Notably, cleavage of KMT2A protein by Taspase1 at two cleavage sites (TCS) results in two protein fragments: MLL-N (with a molecular weight of 320 kDa) and MLL-C (with a molecular weight of 180 kDa). These fragments form a stable complex via the FYRN and FYRC domains, contributing to the functional KMT2A complex depicted in Fig. 1g, either with or without the BMI1 repressor complex. Chromosomal breakpoints within BCR1 disrupt the KMT2A protein, allowing the N-terminal portion to bind to target gene promoters via the MEN1/LEDGF complex at the very N-terminus. Conversely, the reciprocal portion retains chromatin binding, reading, and writing capabilities but in a manner independent of promoter mediation. Reciprocal fusion proteins, such as AFF1::KMT2A and AFDN::KMT2A exhibit potent chromatin opening functions, enabling the direct fusion proteins KMT2A::AFF1 and KMT2A::AFDN to activate approximately 12-times more target genes [14, 15].
Chromosomal breakpoints in BCR2 of the KMT2A gene likely disrupt the PHD4 domain.
Explaining the Supplementary Data File
This paper provides additional data and information in a separate Excel file. This document includes details about the KMT2A gene and all yet known partner genes of direct KMT2A fusion alleles (n = 112) or KMT2A::PTDs. The individual 115 sheets comprise the KMT2A gene (sheet 1), while sheet 2 is listing the frequency of fusion partners (diagnosed at the DCAL and literature). All other sheets contain information about the 112 known fusion partner genes (sheets 3–114) or KMT2A::PTDs (sheet 115).
Each page begins with the gene name, its known biological function, known alias names, chromosomal location, and the number of exons based on common gene structures within public databases, the described leukemia disease phenotypes and the number of identified breakpoints at the DCAL and literature. Following this, a graphic of the respective gene structure (left to the right) displaying a heatmap of chromosomal breakpoints on top. They are either indicated in blue (if only the intron has been mapped in the literature) or in red (if the precise chromosomal breakpoint has been sequenced).

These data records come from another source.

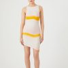 A woven linen-blend crop top featuring contrasting trim. shoulder straps. a V-neckline. self-tie front closure. and a square-cut back.
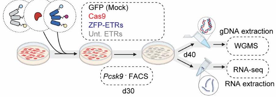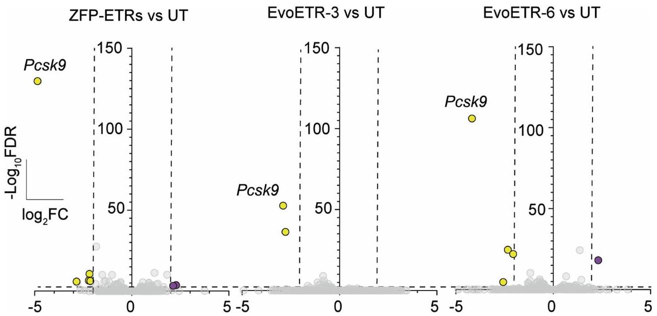 ثم قمنا بتقييم ملف الخصوصية لمستقبلات ZFP-ETRs من خلال تحليلات النسخ الجيني وميثيل الحمض النووي لعلاج ETR لخلايا Hepa 1-6 Pcsk.الخلايا باستخدام تسلسل RNA (RNA-seq) وتسلسل الميثيلوم الكامل للجينوم (WGMS) (الشكل 2a من البيانات الموسعة)، على التوالي. تم استخدام خلايا تم نقلها برسائل RNA تشفر لـ eGFP (المشار إليها فيما بعد بالتحكم) أو لـ CRISPR-Cas9 المستهدف لـ Pcsk9 للتحكم في التأثيرات المتعلقة بالعلاج و/أوتفعيل. بالإضافة إلى ذلك، تم نقل الخلايا باستخدام مجموعة ثلاثية من ETR مزودة بمصفوفة ZFP
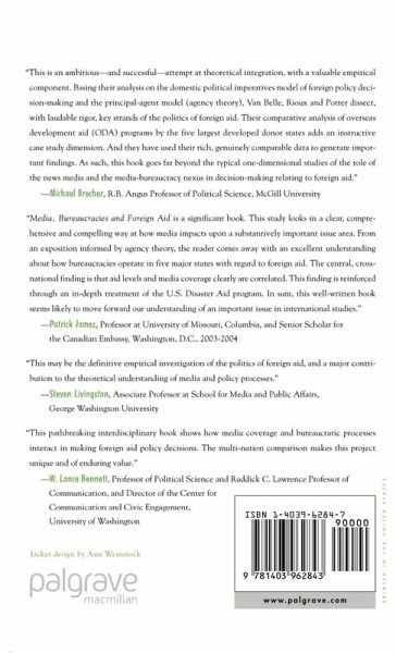 "Media, Bureaucracies, and Foreign Aid is a significant book. This study looks in a clear, comprehensive and compelling way at how media impacts upon a substantively important issue area. From an exposition informed by agency theory, the reader comes away with an excellent understanding about how bureaucracies operate in five major states with regard to foreign aid. The central, cross-national finding is that aid levels and media coverage clearly are correlated. This finding is reinforced through an in-depth treatment of the U.S. Disaster Aid program. In sum, this well-written book seems likely to move forward ourunderstanding of an important issue in international studies." - Patrick James, Professor at University of Missouri, Columbia, and Senior Scholar for the Canadian Embassy, Washington, DC, 2003-04
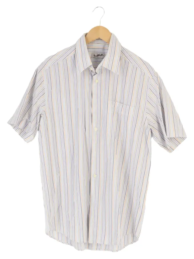 Herren Freizeithemd L/50 Gestreift Kurzarm Weiß Klassisch
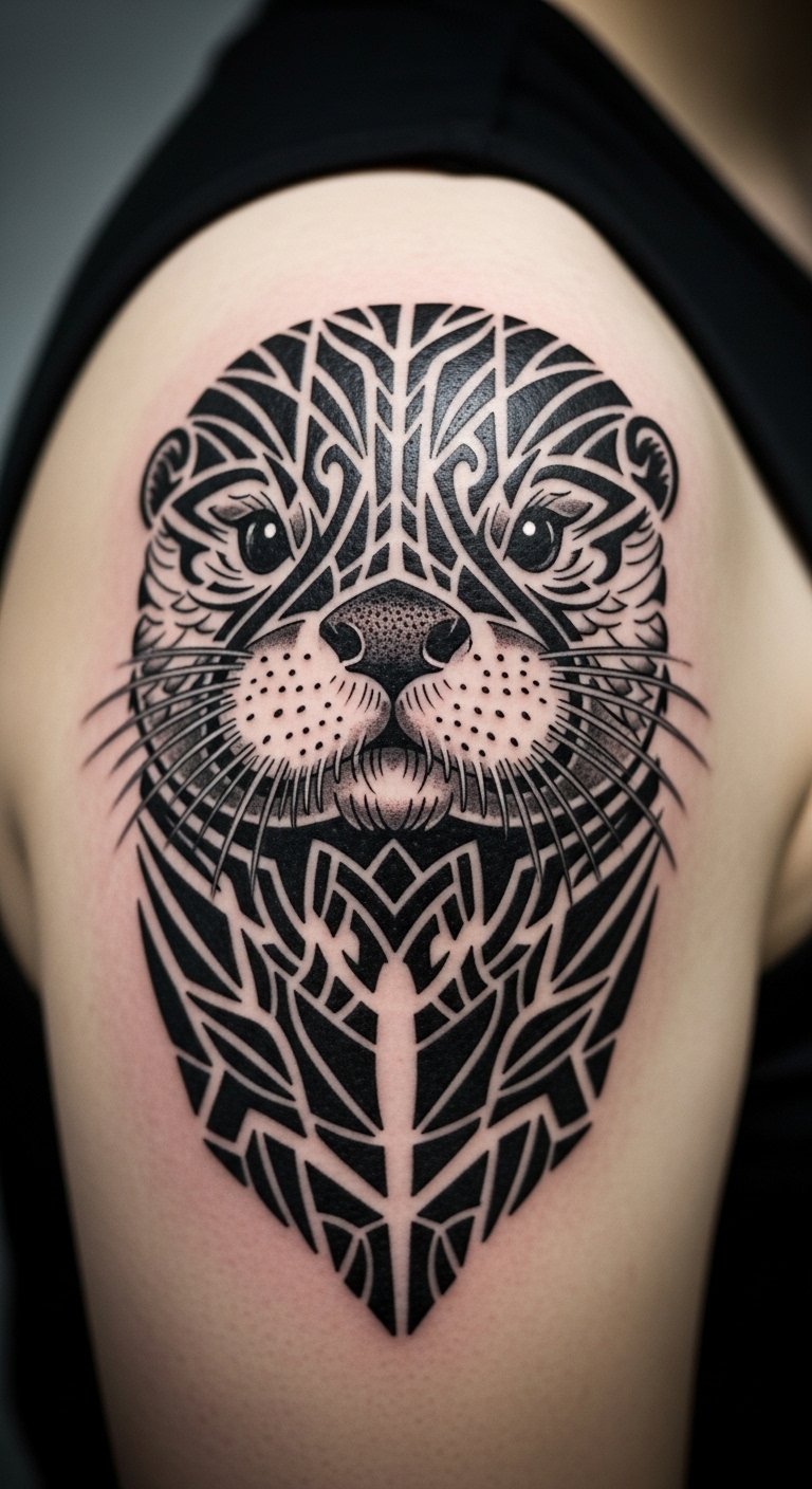 Consider a tribal otter face. It uses bold patterns for a strong look. Try it on your shoulder. Sketch geometric shapes over an otter face. Use a ruler for straight lines. Find budget deals on tribal art sites. Some tattoos cost just $60. Add your patterns with tape as a guide. Test with stick-on tattoos from the store. They help you decide. Black ink works everywhere. Keep lines thick for better visibility. Draw on paper first to get it right.
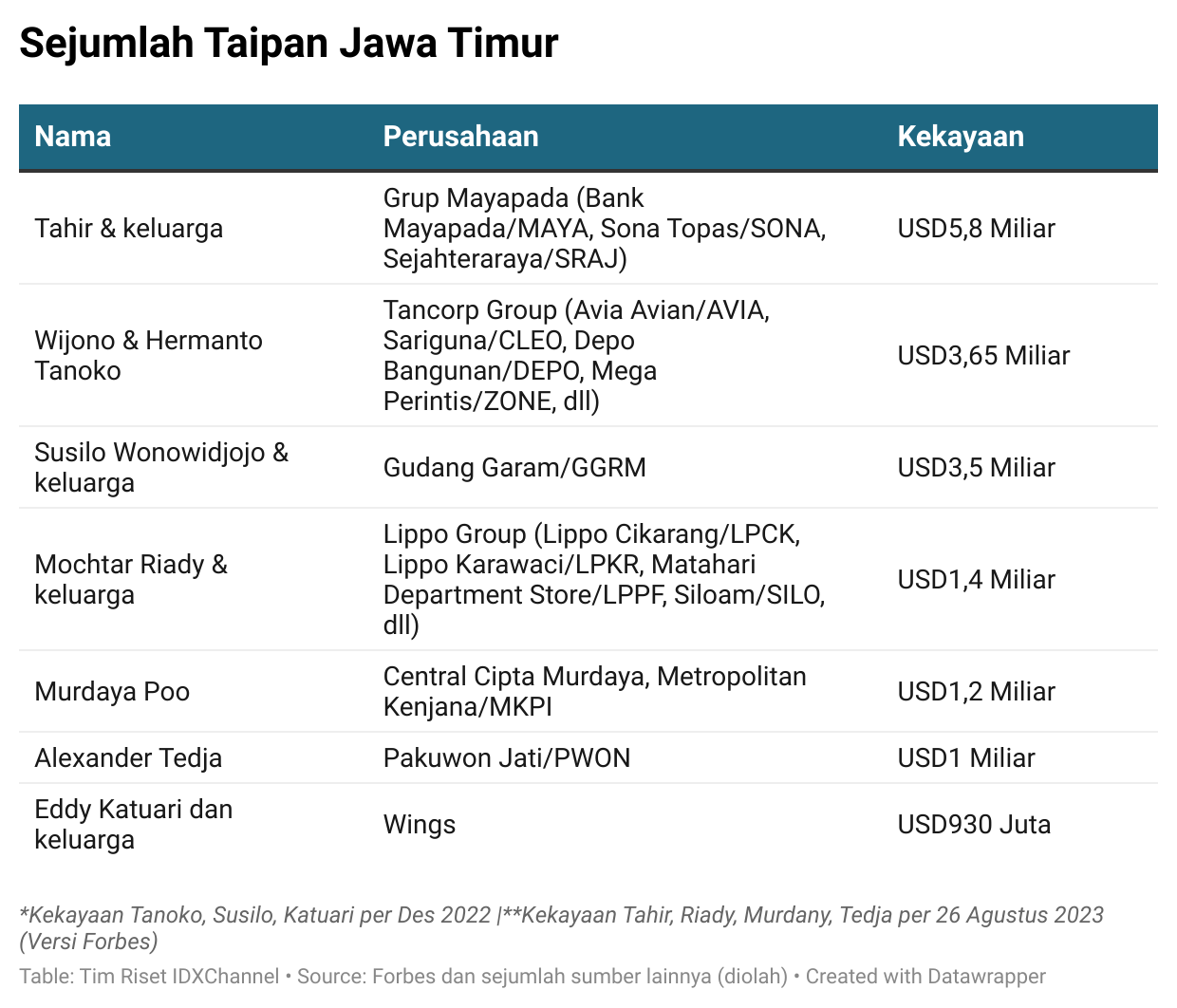 Selain nama-nama di atas, ada nama Alexander Tedja yang merupakan bos properti PT Pakuwon Jati Tbk (PWON) dan bos perusahaan barang konsumen Wings Eddy Katuary. (Lihat tabel di bawah ini.)
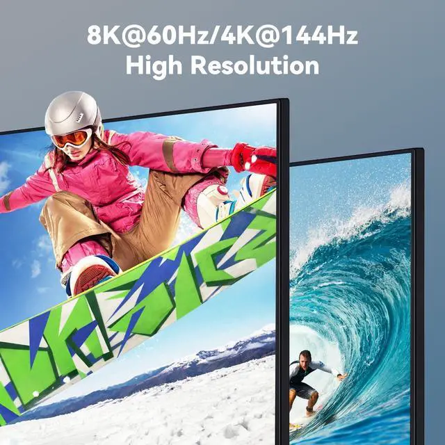Note: Before power on, please check the connection line carefully. And make sure all interfaces are connected properly. ^^ UHD 8K@60Hz ResolutionThis HDMI KVM switch 2 port supports resolution up to 8K@60Hz and backward compatible 4k@240Hz, 4k@120Hz, 4K@60Hz, 2560*1440@60Hz, 1080p and below. The combination of 8K resolution and 60Hz refresh rate creates an immersive experience that takes entertainment and work to new heights. KVM switches also support HDMI 2.0.
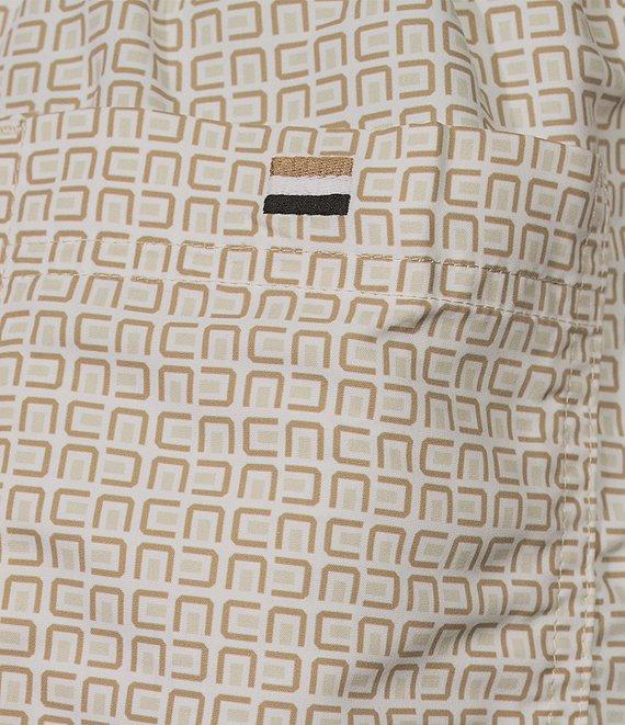 From Hugo Boss, these swim trunks feature: All-over mini pattern Drawstring/elastic waistband with solid cord ends Side pockets Back pocket with logo flag Side slits at the leg hems Logo embroidery 5.1” inseam Pull-on construction Recycled polyester Machine wash/line dry Imported.

Subsequently, a table is provided for each gene defining all structural elements (exons and introns), including the 5’- and 3’-UTR. These tables provide the cytoband, gene symbol, precise nucleotide information of all structural elements, transcribed strand, and exon phase (0, 1, or 2), indicating how the reading frame is disrupted as consequence of a gene fusion. Finally, all identified breakpoints for each structural element are shown in numbers (n) and percentages (Freq). Additionally, the gene length and the number of identified breakpoints are provided at the bottom of the table.
Further information of all patients added from the literature is available in a second table on the right side. This additional table provides information of respective patients regarding PMID, Intron/Exon, disease phenotype, gender and age. If either the total number of patients is ≤50 or the breakpoint was located outside the major BCR1 this information is also given for DCAL samples.
Therefore, we provided novel data which is beneficial for all centers seeking to automate their routine diagnostic units, particularly for identifying and analyzing fusion mRNAs of the KMT2A gene in RNA-Seq data of their patients. This will contribute to advancing science and diagnosis, aiding in the design of appropriate molecular probes to improve outcomes for leukemia patients.
Data availability
More detailed breakpoint information and data from the investigated acute leukemia patients can be made available to scientist upon request.
References
Meyer C, Larghero P, Almeida Lopes B, Burmeister T, Gröger D, Sutton R, et al. The KMT2A recombinome of acute leukemias in 2023. Leukemia. 2023;37:988–1005.
Ziemin-van der Poel S, McCabe NR, Gill HJ, Espinosa R 3rd, Patel Y, Harden A, et al. Identification of a gene, MLL, that spans the breakpoint in 11q23 translocations associated with human leukemias. Proc Natl Acad Sci USA. 1991;88:10735–9.
Djabali M, Selleri L, Parry P, Bower M, Young BD, Evans GA. A trithorax-like gene is interrupted by chromosome 11q23 translocations in acute leukaemias. Nat Genet. 1992;2:113–8.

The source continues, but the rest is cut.